Professional Web Applications Themes

Odd sendmail problem - SCO

(SCO:Unix::5.0.4Eb rs.Unix504.0.1.a oss601a.Unix504 SCO:SendMail::8.8.5c) Howdy. An old system which has been working fine (up until recently, no hardware changes, and only unrelated software changes (non-os, just custom app)) has had it's sendmail daemon starting to act funny. The only tell-tail signs are that the load average sky rockets, /usr/spool/mqueue/ (/var/opt/K/SCO/SendMail/8.8.5c/spool/mqueue/) becomes inaccessable to 'ls' etc., and thus mail flow stops. A reboot of the machine returns it to normal usage again for some time, but it does it again 2-3 days later. I thought that maybe some garbage message was getting into the queue, but have no awy of verifying ...

  1. #1

    Default Odd sendmail problem

    (SCO:Unix::5.0.4Eb rs.Unix504.0.1.a oss601a.Unix504 SCO:SendMail::8.8.5c)

    Howdy.

    An old system which has been working fine (up until recently, no hardware
    changes, and only unrelated software changes (non-os, just custom app)) has
    had it's sendmail daemon starting to act funny.

    The only tell-tail signs are that the load average sky rockets,
    /usr/spool/mqueue/ (/var/opt/K/SCO/SendMail/8.8.5c/spool/mqueue/) becomes
    inaccessable to 'ls' etc., and thus mail flow stops.

    A reboot of the machine returns it to normal usage again for some time, but
    it does it again 2-3 days later.

    I thought that maybe some garbage message was getting into the queue, but
    have no awy of verifying this.

    Two things I'd like to know:

    Is there any way to find out what is under that directory structure
    without relying upon the 'ls' and 'find' tools. Find shows the first 2
    entries, but then stops.

    Beyond upgrading everything (not an option at this stage), any other
    ideas about how to combat this?

    The system is in a protected network, so it is highly doubtful that someone
    is attacking this from the outside (it is not in any name servers, and has
    to go through a firewall to get there).
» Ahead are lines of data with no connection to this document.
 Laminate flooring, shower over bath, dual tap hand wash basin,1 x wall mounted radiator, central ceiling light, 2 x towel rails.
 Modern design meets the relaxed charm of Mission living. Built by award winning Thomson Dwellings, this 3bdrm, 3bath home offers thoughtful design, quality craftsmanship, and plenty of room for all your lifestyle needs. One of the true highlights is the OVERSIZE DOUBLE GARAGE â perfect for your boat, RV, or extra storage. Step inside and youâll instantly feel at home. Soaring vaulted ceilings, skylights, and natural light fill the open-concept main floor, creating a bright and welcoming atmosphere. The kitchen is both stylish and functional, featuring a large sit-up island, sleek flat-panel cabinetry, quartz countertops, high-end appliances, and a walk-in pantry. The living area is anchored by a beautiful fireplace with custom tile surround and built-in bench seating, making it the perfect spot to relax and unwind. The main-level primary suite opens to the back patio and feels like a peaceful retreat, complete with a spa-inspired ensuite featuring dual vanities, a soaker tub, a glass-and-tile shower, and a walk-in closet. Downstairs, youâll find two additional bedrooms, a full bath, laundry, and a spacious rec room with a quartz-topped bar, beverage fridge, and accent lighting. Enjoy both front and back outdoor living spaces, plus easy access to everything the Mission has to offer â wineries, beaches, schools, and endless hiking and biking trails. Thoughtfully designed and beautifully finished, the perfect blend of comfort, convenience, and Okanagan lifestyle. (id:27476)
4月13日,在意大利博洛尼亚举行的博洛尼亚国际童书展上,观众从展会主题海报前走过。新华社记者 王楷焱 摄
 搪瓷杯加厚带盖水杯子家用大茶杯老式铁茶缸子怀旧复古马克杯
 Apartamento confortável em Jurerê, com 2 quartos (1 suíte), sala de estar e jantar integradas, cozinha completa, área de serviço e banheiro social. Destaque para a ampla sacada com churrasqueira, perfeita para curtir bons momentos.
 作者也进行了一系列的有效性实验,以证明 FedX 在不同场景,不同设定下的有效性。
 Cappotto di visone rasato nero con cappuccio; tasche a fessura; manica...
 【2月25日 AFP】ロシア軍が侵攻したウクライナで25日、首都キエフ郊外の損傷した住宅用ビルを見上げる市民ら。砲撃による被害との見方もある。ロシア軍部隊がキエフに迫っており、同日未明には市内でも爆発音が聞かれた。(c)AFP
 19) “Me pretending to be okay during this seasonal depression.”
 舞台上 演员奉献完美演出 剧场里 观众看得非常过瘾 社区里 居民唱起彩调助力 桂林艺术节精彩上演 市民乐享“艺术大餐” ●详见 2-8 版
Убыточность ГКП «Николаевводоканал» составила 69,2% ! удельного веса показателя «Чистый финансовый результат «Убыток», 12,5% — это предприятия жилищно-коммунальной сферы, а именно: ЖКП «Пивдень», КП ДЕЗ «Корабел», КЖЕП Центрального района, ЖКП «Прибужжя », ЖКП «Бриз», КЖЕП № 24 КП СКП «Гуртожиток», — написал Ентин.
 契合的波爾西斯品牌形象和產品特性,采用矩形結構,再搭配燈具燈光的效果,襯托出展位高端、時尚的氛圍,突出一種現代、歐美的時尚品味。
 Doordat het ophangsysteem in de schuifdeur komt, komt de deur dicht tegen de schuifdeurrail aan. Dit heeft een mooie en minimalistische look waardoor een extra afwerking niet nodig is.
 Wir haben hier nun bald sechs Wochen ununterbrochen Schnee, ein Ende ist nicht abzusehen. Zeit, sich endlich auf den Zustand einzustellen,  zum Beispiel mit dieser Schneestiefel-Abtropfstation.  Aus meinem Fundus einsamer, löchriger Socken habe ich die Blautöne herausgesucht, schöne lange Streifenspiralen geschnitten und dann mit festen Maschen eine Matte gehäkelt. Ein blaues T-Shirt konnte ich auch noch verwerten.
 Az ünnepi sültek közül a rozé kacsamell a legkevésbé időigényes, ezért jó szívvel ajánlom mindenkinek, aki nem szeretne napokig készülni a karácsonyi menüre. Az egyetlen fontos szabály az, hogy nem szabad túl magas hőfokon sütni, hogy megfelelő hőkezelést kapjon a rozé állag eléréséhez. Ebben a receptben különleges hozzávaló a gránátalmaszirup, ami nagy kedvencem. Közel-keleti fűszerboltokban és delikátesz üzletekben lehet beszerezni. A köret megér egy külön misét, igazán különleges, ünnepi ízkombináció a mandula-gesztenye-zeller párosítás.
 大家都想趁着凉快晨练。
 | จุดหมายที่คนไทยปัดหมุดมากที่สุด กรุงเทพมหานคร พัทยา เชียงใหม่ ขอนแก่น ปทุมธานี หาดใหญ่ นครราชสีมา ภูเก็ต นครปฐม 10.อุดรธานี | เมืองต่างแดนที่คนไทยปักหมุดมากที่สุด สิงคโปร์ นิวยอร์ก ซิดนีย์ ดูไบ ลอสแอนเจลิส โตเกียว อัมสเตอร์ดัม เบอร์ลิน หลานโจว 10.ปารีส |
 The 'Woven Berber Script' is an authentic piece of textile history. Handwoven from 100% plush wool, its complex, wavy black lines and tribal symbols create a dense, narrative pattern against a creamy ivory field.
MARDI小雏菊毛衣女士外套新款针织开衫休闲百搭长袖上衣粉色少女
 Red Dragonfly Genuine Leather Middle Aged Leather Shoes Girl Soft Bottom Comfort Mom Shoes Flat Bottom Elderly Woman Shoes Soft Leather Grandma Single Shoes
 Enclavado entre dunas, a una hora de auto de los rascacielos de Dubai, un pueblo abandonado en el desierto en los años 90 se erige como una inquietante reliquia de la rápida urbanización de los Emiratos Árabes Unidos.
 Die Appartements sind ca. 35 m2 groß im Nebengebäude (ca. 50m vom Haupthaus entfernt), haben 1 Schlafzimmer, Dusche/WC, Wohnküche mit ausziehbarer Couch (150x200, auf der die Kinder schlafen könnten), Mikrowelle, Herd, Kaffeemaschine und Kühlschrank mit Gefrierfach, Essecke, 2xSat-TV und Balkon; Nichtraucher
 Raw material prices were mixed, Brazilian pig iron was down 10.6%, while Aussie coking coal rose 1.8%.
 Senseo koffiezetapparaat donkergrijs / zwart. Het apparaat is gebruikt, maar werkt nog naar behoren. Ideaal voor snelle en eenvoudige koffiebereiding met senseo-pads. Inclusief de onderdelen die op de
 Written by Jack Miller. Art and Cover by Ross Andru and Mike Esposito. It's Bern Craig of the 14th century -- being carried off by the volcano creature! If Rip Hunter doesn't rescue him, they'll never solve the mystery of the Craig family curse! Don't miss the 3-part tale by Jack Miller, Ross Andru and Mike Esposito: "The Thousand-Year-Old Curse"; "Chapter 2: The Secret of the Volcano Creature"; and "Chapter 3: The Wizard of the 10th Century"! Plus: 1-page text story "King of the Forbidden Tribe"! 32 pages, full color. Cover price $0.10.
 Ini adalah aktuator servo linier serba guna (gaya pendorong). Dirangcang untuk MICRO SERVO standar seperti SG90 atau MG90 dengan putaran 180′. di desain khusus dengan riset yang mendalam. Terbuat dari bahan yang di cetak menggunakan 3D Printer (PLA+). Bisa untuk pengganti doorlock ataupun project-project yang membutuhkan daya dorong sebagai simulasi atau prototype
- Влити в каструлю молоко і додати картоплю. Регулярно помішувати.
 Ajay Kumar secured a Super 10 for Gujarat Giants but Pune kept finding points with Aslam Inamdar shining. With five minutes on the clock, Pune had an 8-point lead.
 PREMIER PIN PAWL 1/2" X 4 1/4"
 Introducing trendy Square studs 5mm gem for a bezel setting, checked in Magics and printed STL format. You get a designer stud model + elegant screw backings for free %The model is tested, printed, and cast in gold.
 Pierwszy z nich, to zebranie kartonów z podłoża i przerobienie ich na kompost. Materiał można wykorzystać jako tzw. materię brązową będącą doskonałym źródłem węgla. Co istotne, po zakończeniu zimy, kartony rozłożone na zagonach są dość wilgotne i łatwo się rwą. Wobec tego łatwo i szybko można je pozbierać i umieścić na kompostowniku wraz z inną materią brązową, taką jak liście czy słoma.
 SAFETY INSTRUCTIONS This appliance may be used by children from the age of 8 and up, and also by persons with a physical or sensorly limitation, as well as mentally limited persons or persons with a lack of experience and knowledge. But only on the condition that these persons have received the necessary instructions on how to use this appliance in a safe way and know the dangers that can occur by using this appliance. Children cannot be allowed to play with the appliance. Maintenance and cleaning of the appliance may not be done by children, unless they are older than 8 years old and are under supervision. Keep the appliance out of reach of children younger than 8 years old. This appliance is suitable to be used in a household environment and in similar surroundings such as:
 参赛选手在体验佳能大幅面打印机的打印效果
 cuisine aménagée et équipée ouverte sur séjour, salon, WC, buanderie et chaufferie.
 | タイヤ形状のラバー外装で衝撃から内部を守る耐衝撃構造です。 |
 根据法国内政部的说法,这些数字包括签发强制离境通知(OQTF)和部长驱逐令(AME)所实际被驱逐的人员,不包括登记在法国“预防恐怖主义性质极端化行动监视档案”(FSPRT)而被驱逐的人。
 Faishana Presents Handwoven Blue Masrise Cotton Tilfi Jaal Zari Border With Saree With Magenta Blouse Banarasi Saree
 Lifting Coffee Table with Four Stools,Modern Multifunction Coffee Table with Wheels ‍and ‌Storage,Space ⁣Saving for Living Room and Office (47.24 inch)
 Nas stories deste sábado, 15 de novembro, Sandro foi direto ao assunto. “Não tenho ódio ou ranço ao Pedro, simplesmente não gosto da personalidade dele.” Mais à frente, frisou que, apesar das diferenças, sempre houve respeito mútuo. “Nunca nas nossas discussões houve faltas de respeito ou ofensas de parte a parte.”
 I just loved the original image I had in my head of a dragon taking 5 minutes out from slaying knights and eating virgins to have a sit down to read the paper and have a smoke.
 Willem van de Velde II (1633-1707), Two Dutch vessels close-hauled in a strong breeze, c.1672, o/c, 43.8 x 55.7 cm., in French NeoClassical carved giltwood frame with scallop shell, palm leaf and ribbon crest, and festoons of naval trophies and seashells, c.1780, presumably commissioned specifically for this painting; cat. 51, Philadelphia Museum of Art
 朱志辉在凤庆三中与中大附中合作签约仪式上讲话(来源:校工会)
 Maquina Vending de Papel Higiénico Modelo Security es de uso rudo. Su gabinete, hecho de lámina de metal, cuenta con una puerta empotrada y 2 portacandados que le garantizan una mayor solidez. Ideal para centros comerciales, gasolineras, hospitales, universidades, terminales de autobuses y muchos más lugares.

    Firewall logs don't show anything out of normal.

    For the moment, I've tried ruling out an issue with the symlink, and just
    made a bare directory, hopefully leaving the old contents intact (after a
    reboot).

    bkx


    Stuart Guest

  2. #2

    Default Re: Odd sendmail problem

    In article <tpgi.com.au>,
    Stuart J. Browne <com.au> wrote: 
     

    Are you 100% sure that the non-os custom ap isn't contributing to
    the problem. Some applications have been known to send mail - you
    know like LP does when a job is canceled. Sending mail to
    an unknown user on the system can cause a lot of 'undelivered
    messages'.
     
     

    Next time don't reboot the machine but kill sendmail. The go
    look at the messages in the queue. What does the ouptut of
    'mailq' tell you. Look at the headers and see if you can spot the
    problem message.
     

    If it cures everytime you restart and don't find the problem before
    you restart you are going to be having this until you determine
    what is causing it.
     
     

    So what does 'ls' give you. If it's too slow you probably have
    thousands in the queue and sorting them is going to take time so
    just type echo *. Output will be a mass all on one line, but
    pipe it through wc and you'll get an idea.
     

    Why do you think upgrading witll cure this if you haven't found
    the problem? I'm not being facetious. You say the only change
    was a non-os application. If everthing was find until then it
    surely points a finger at that application. Of course if many
    people have root access anything could be wrong. And an upgrade
    instead of a complete reinstall could carry the problem forward.
     

    I also doubt that is a problem.
     

    You are looking at the wrong logs. Look at the sendmail logs.
    Your clue should be there.
     

    "hopefully?"

    And what 'bare directory' did you make?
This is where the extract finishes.